The sleep disturbances were evaluated using 11 questions drawn from the Basic Nordic Sleep Questionnaire (BNSQ) [35] (general sleep quality, difficulties falling asleep, nightly awakenings per week, number of awakenings per night, too early awakenings, self-reported snoring, sleep duration, and sleep need). General sleep quality was rated on a 5-point scale as 1 = ‘good’, 2 = ‘quite good’, 3 = ‘intermediate (neither good nor poor)’, 4 = ‘quite poor’ or 5 = ‘poor’, the frequency of nocturnal awakenings per night 1 = ‘none’, 2 = ‘once’, 3 = ‘twice’, 4 = ‘three to four times’, 5 = ‘at least five times’, and the other questions with a 5-point scale as 1 = ‘never or less than once a month’, 2 = ‘less than in 1 day a week’, 3 = ‘in 1 or 2 days a week’, 4 = ‘in 3–5 days a week’, and 5 = ‘daily or almost daily’ (Appendix).

To represent the severity of cooperative action of all the insomnia symptoms (general sleep quality, difficulties to fall asleep per week, nightly awakenings per week, number of awakenings per night, too early awakenings per week), the responses of all five questions were dichotomized (0 = ‘1–2 times per week/night or less [responses 1–3]’ vs. 1 = ‘3–5 times or more per week/night’ [responses 4–5]), and the scores were summed to form an insomnia score (range 0–5 points). A sum score of 4 points or more was considered deviant, because then, the mother would have had at least four different sleep disturbances occurring at least 3–5 times per week/night. Sleep duration (hours, h) was calculated as the average self-reported sleep time during weekdays and weekends and sleep need as the self-reported desired sleep time. If the sleep times ranged over 2 h, the reply was excluded. Sleep loss was defined by subtracting sleep needs from sleep time. Sleep duration < 6 h and sleep loss > 2 h were defined as deviant.

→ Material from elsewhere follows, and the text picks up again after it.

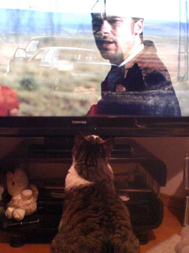相変わらずテレビに夢中のダヤン君今日は映画鑑賞。ブラピですね。こちらは、ケヴィン・スペイシー観たことがある方はわかると思いますが『セブン』のラストシーンです。そして、モーガン・フリーマン3人の迫真の演技にダヤ君は釘付けですこんな難解な映画がわかるのかしかも、字幕・・・(笑)ダヤ君、キミはやはり天才なのかでも、かなり疲れたみたい・・・

Depression was evaluated using the shortened 10-item version of the Center for Epidemiologic Studies Depression Scale (CES-D) [36] with 10 questions on a scale from 0 to 3 for each question. The scores were totaled to form a depression score (range 0–30) and used in analyses both as a continuous and categorical (a total score ≥ 12 points [95th percentile] was used as the cut-off point). A shortened State-Trait Anxiety Inventory (STAI) [37] was used to evaluate anxiety, with six questions on a scale from 1 to 4 for each question (anxiety at all times and the person’s vulnerability to anxiety). The scores were totaled to form an anxiety score (range 6–24) and used in analyses both as a continuous and categorical (a total score ≥ 12 [95th percentile] was used as the cut-off point) (Appendix).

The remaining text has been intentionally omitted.